Tutorial 6: Audio feature analysis
By default, when creating a Corpus
, the feature analysis performed on the audio
sources is an MFCC (Mel Frequency Cepstral Coefficient) analysis.
This is meant to capture the timbral characteristics of the audio sources, and
use that as a criteria for matching each segment from the target in a Mosaic
,
with possible segments from the audio sources in a Corpus
.
However, we can set which features to use when creating a Corpus
. Currently,
the available features are:
"timbre"
: equivalent to an MFCC analysis."pitch"
: equivalent to a chroma analysis.
In short, we can create a Corpus
based on timbre, pitch, or both.
The decision on which features to use will greatly depend on the types of targets
you want to use.
Here’s a quick example:
from gamut.features import Corpus
# set audio source(s) for corpus
source = '/path/to/source/audio/folder-or-file'
# create corpus based on pitch content
pitch_based_corpus = Corpus(source=source, features=['pitch'])
# create corpus based on timbral content
timbre_based_corpus = Corpus(source=source, features=['timbre'])

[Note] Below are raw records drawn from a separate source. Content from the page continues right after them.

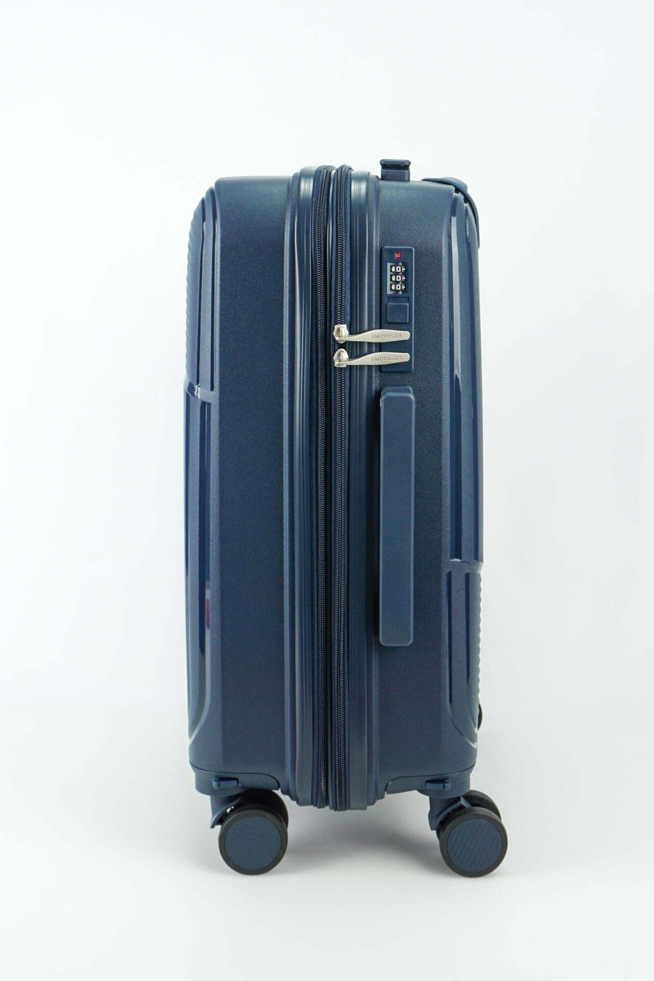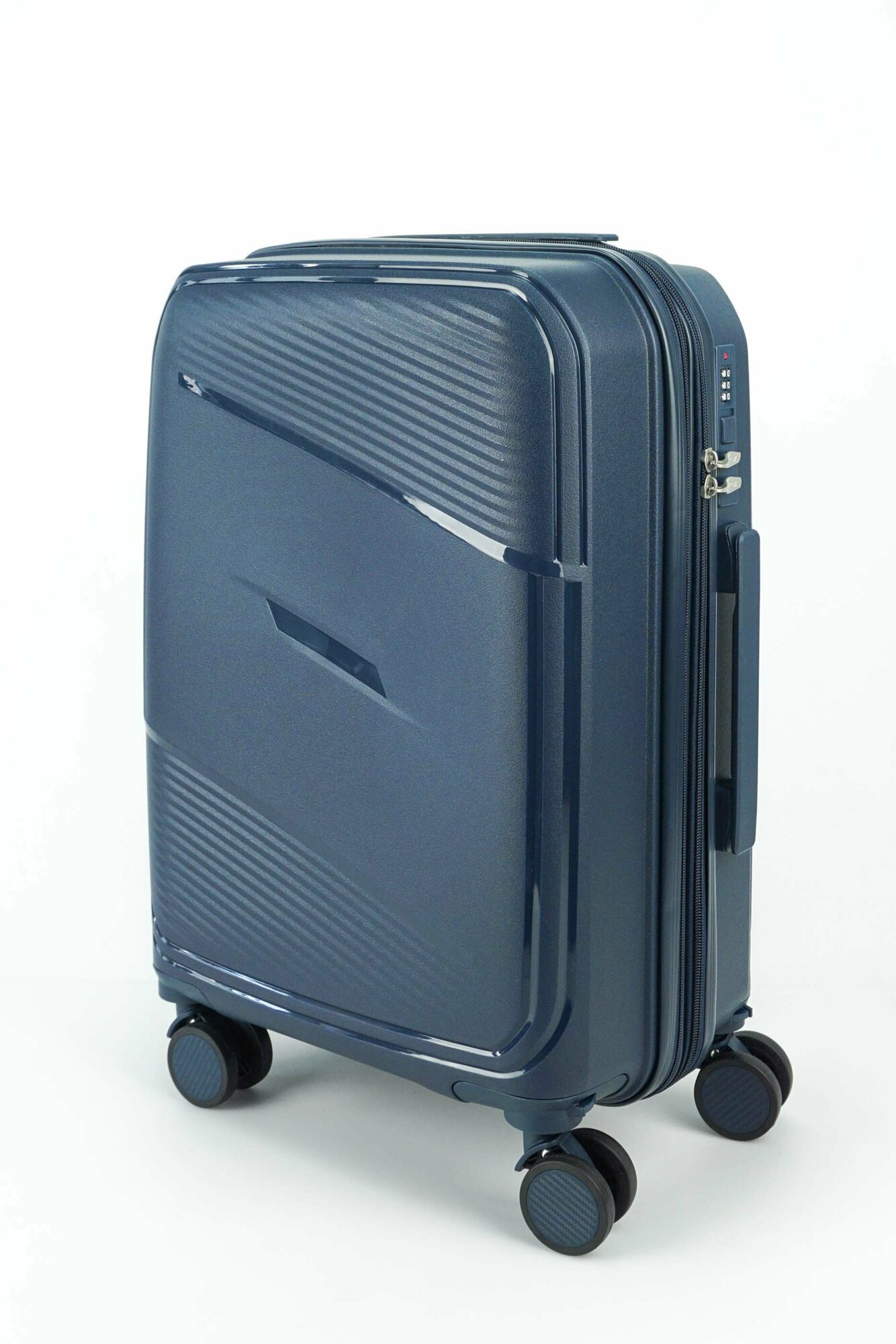 Купить Чемодан Sweetbags маленький (ручная кладь) из полипропилена на 4-х съемных колесах с расширением с кодовым замком (Flash) темно-синий S
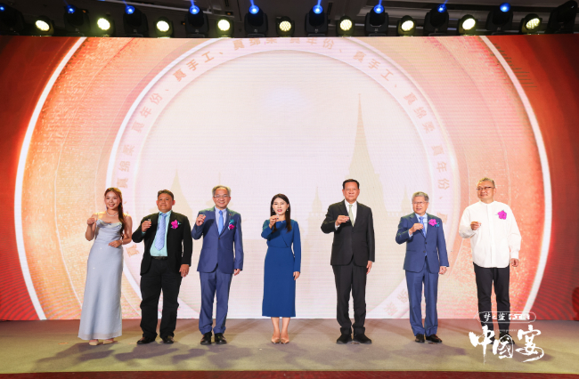 7月22日,由新華網與夢之藍手工班聯合出品,中國旅游協會飲食文化工作部共同打造的國民級美食IP《中國宴》海外首秀——“中國宴”夢之藍手工班全球巡味之旅在曼谷啟幕。來自泰國旅游局、泰國中華總工會、朱拉隆功大學專家學者等50余位泰國政商學界嘉賓以及新華社曼谷分社首席記者林昊、中國旅游協會飲食文化工作部代表杜強、洋河股份品牌文化中心媒介資源部副部長程麗麗等中方嘉賓齊聚現場,沉浸于中華宴席美學中,盛贊節目的精良制作與深厚的文化底蘊。
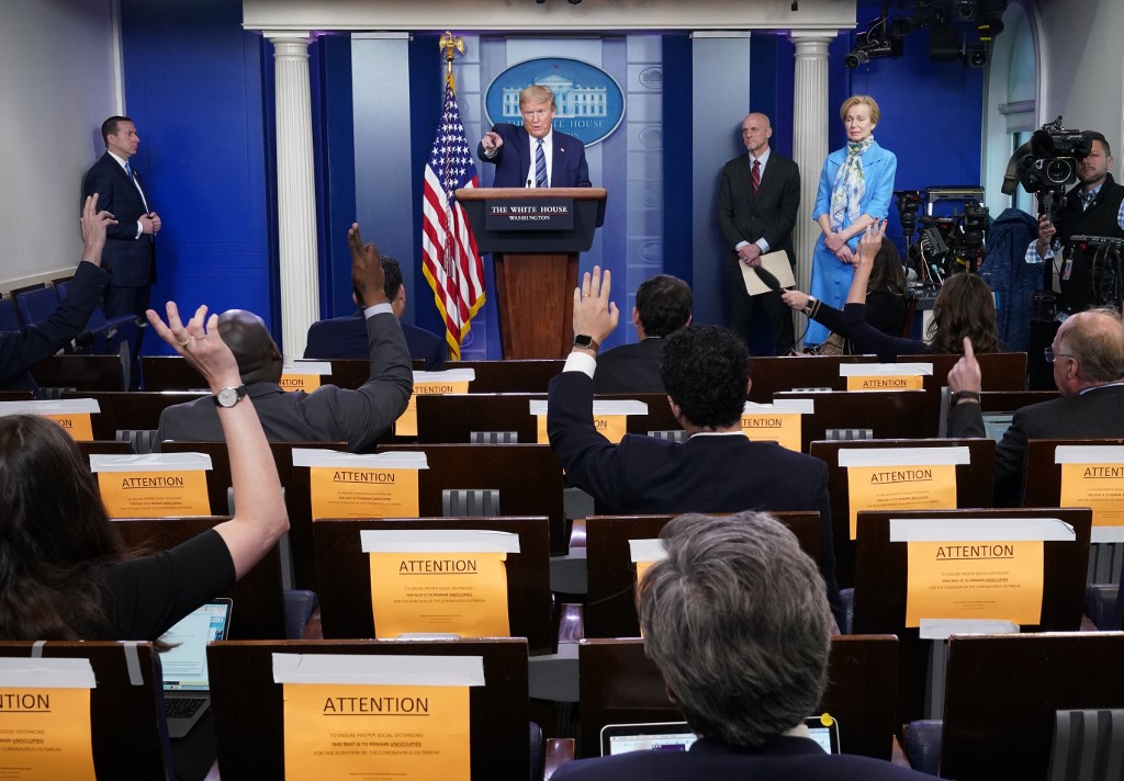 US President Donald Trump answers questions from the media during the daily briefing on coronavirus in Washington on 21 April (AFP)

# create corpus based on pitch AND timbral content
pitch_timbre_based_corpus = Corpus(source=source, features=['pitch', 'timbre'])
Note
Specifying which features to use has important implications, since Mosaic
instances are created
based on the same features used by the input Corpus
instance(s).
Similarly, when combining Corpus
instances as input for a Mosaic
, it will only work if all of them were created
on the same features.